Whoo-hoo!  Got my promotion!  It’s weird that it would hinge solely on my performance this morning, but I’ll take it.

So, yeah, I had fun with this game.  The puzzles were logical and well-hinted, if maybe a tiny bit too easy.  (By which I mean there could also have been one or two harder ones.)  I really liked the way the progression was handled, how at first you think you’re King Shit of the Turd People under Deuce Mountain because you managed to get your clothes on, then you get into work and your boss is all “dude, you smell bad.”

The setting for the puzzles, though, was less than inspiring.  We have all been this dude in his filthy apartment — some of us in our actual real lives — and it’s not particularly interesting.  Next time I would like to see this puzzle aptitude and attention to detail in a game with more personality.  Oh, and more implementation.  And what was with that backyard?  Is there an easter egg back there I don’t know about?

Giving it a seven.

Update:  I would like to give this game a seven, because I found the flow really satisfying, and I think Peers shows a rare knack for gameplay mechanics, but goddammit, it’s also a shitty apartment game, and giving it a seven is artificially inflating the rest of my scores to the point where nines are having sex with tens and everything is chaos.  So I’m calling it a six, and dude, next time do absolutely anything but a shitty apartment game and it will be awesome.

4 comments

  1. “King Shit of the Turd People under Deuce Mountain” is the worst opera ever penned by human hand.

    It’s also the funniest sentence fragment I’ve read all month.


  2. I am trying to decide if I think it’s hilarious or bullshit.

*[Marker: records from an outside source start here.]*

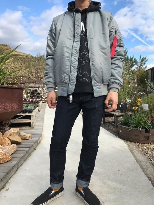 インナーやボトムスにネイビーや黒をもってきても、グレーのMA-1ジャケットなら柔らかい雰囲気に演出してくれます。インナーのロゴがコーデのアクセントになって、軽快さもプラス。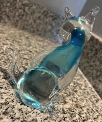 Murano Style Hand-Blown Sommerso Glass Cat Figurine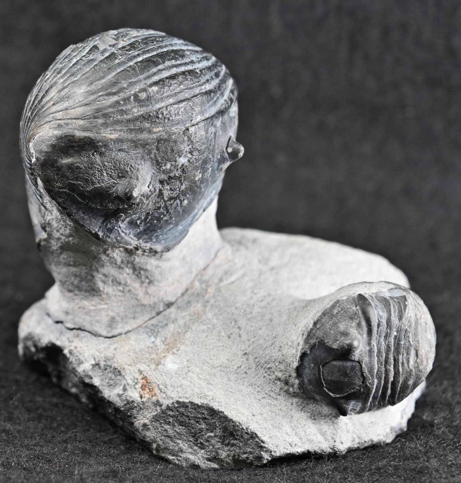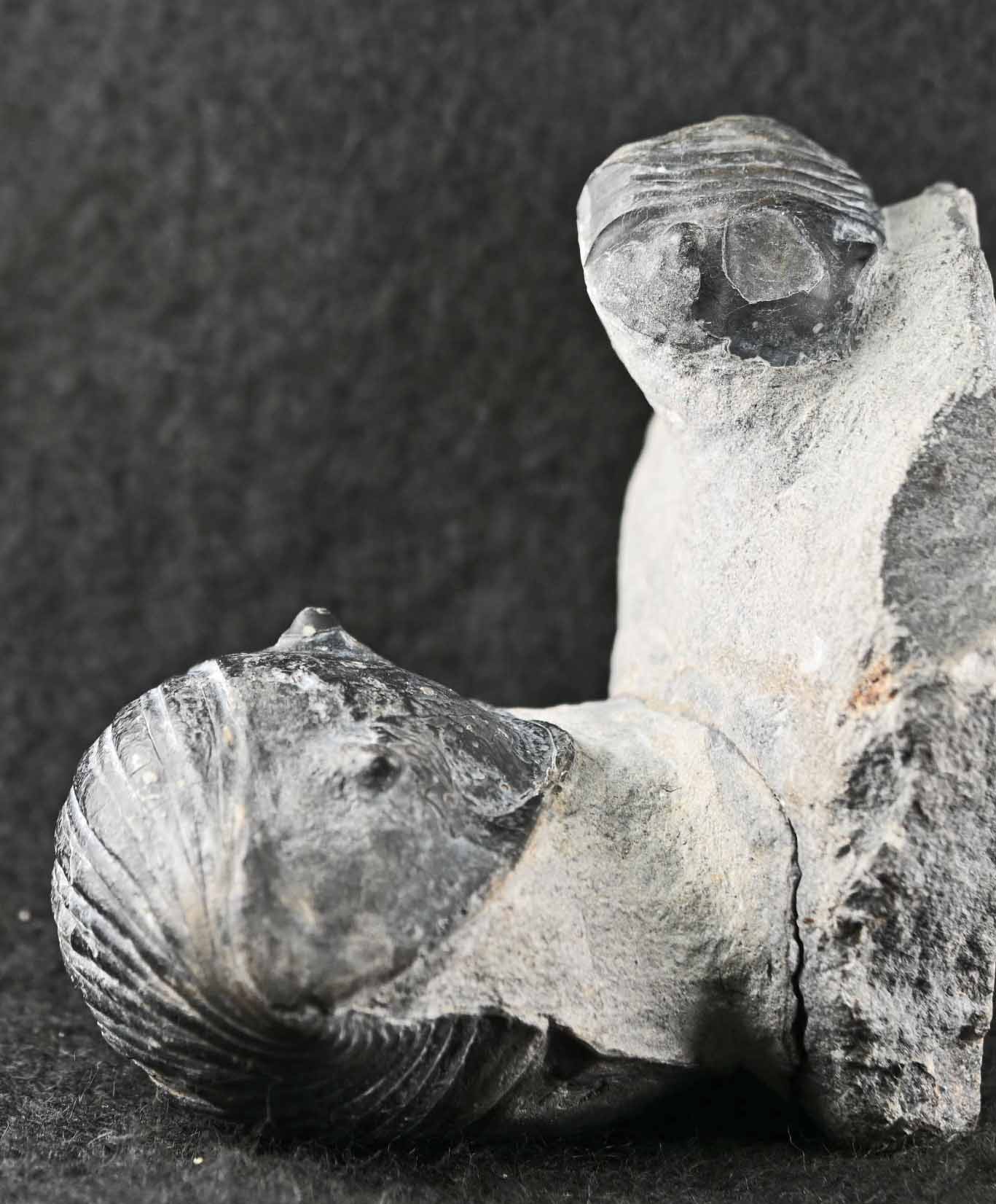 This is a rare find of two, Wenndorfia plana- from the Late Emsian- Lower Devonian of Morocco. The trilobites are interesting in that they does not have the distinctive three lobes.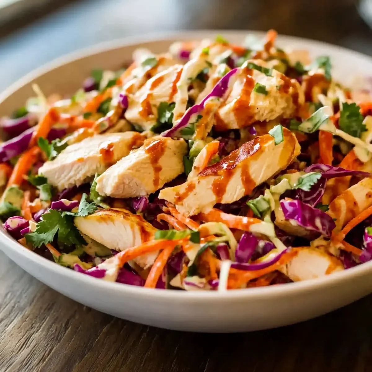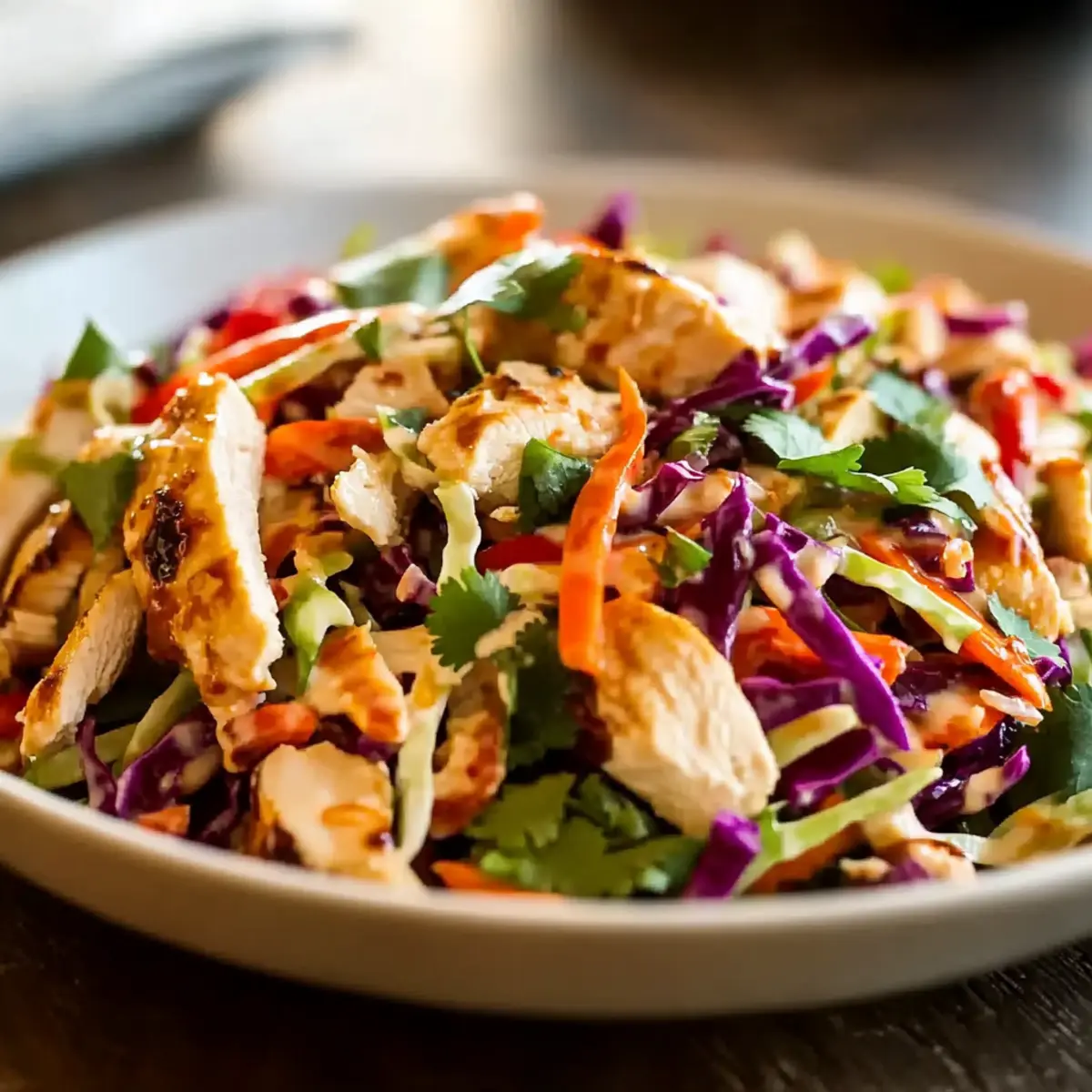 - Toss Salad: Pour the chicken mixture over the slaw vegetables, gently tossing to distribute evenly without bruising the veggies.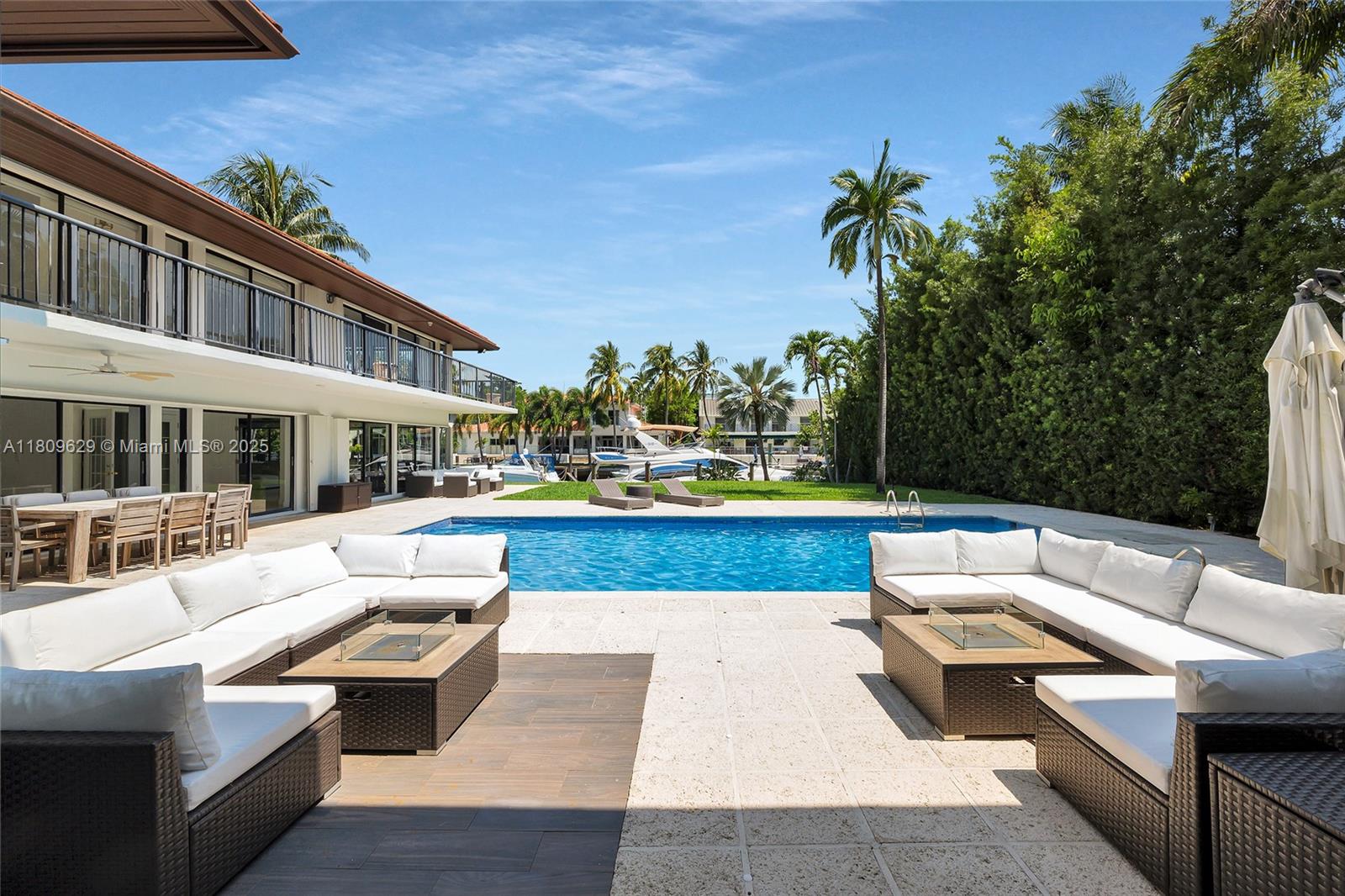 This expansive 5-bedroom, 5.5-bathroom residence offers luxurious living with 5,341 sq ft of air-conditioned space on a 16,000 sq ft lot. Enjoy water views from the large den and summer kitchen. The property features a sauna, a garage converted into a gym, and a private dock accommodating boats up to 70 feet.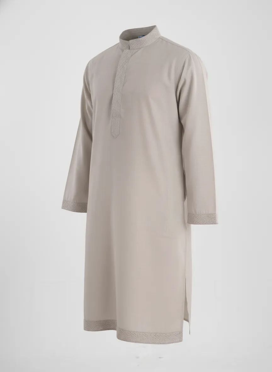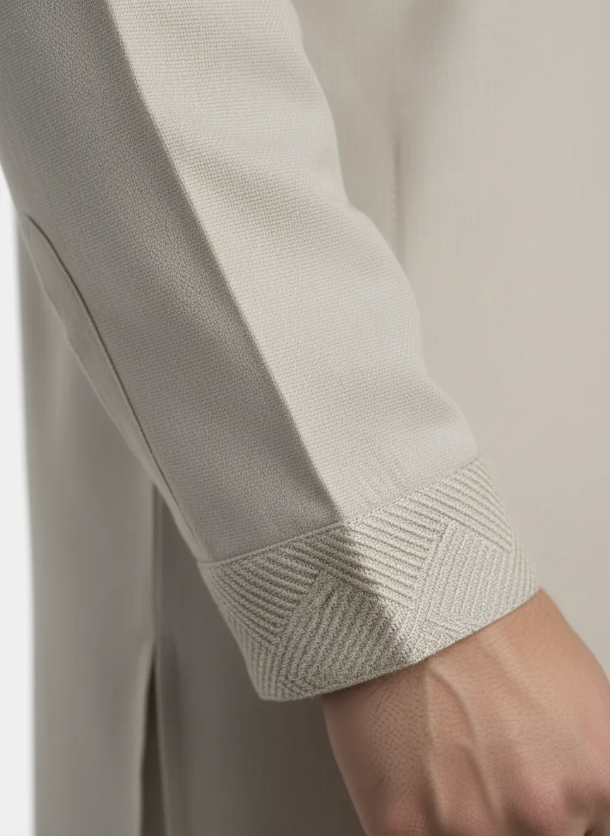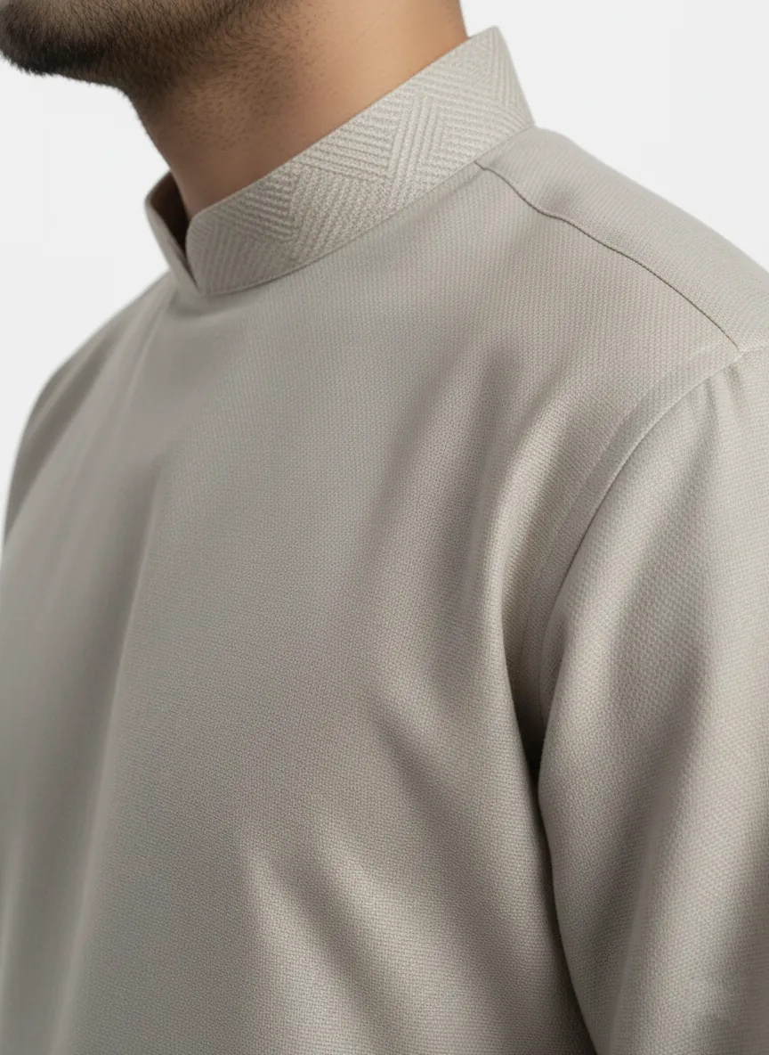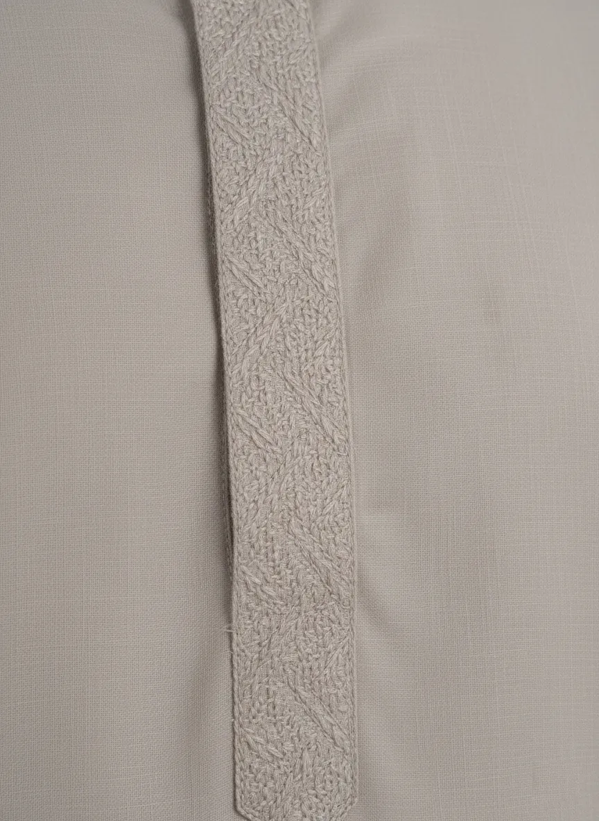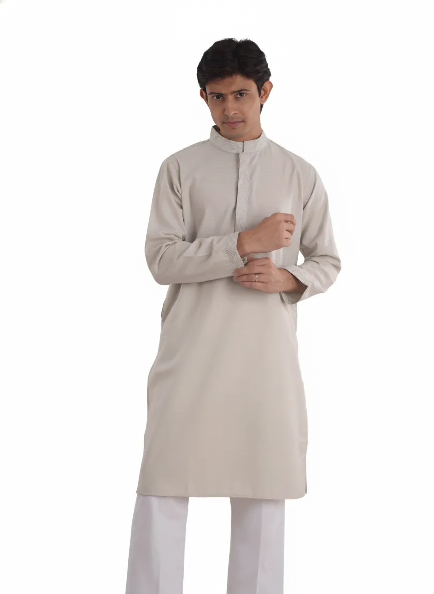 The Panjabi is made from a high-quality fabric with a beautiful, subtle texture and excellent drape, ensuring both comfort and a polished appearance. The distinguishing feature of this piece is the delicate, tone-on-tone geometric trim that is expertly applied. This woven or patterned detail elegantly outlines the Mandarin collar placket, cuffs, and lower hemline. The monochromatic patterning adds visual depth and detail without using contrasting colors, maintaining a refined and traditional aesthetic.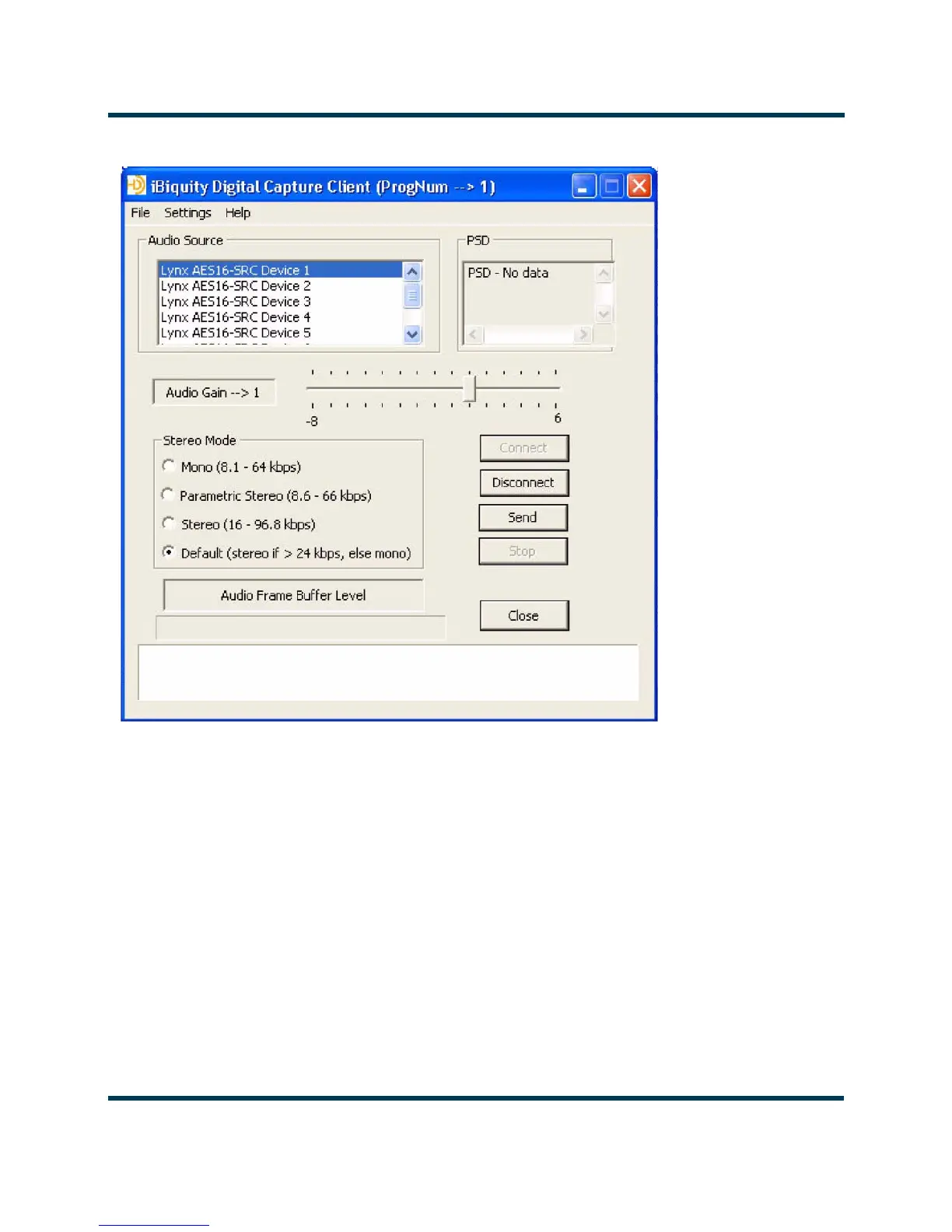 6. Use the Settings pull-down menu to configure several parameters of the SPS Capture Client

    I think it’s both. (That’s still a net win.)

    Also, a lot of people complain about not being able to reach the alarm clock from the bed, but in my life I have found that this is an effective way of making sure the alarm clock actually gets you out of bed, so I had no problem with that.


    • Personally, I have found that wherever the alarm clock is, I will materialize next to it as soon as it goes off, smack it the fuck in the snooze button, and teleport back to bed, but I’ll accept that it works for other people.

      When I experimented with this technique, though, I moved just the alarm clock and left the nightstand next to the bed, where in my opinion it belongs, so that you can bung your glasses and the book you’re reading down on it before passing out. The PC in this game seemed neither to wear glasses nor read books, though, so I guess it’s all right.


      • Nightstand next to bed + me + morning = recipe for embarrassing collisions. When I was at the PC’s stage of life I would just put the book on the floor next to the bed. Actually, when I was at the PC’s stage of a life I didn’t really have a bed, it was just a mattress on the floor.

        Holy shit, I was actually a bigger slacker than this guy at this stage of my life. I may have to go back in time and put myself out of my misery.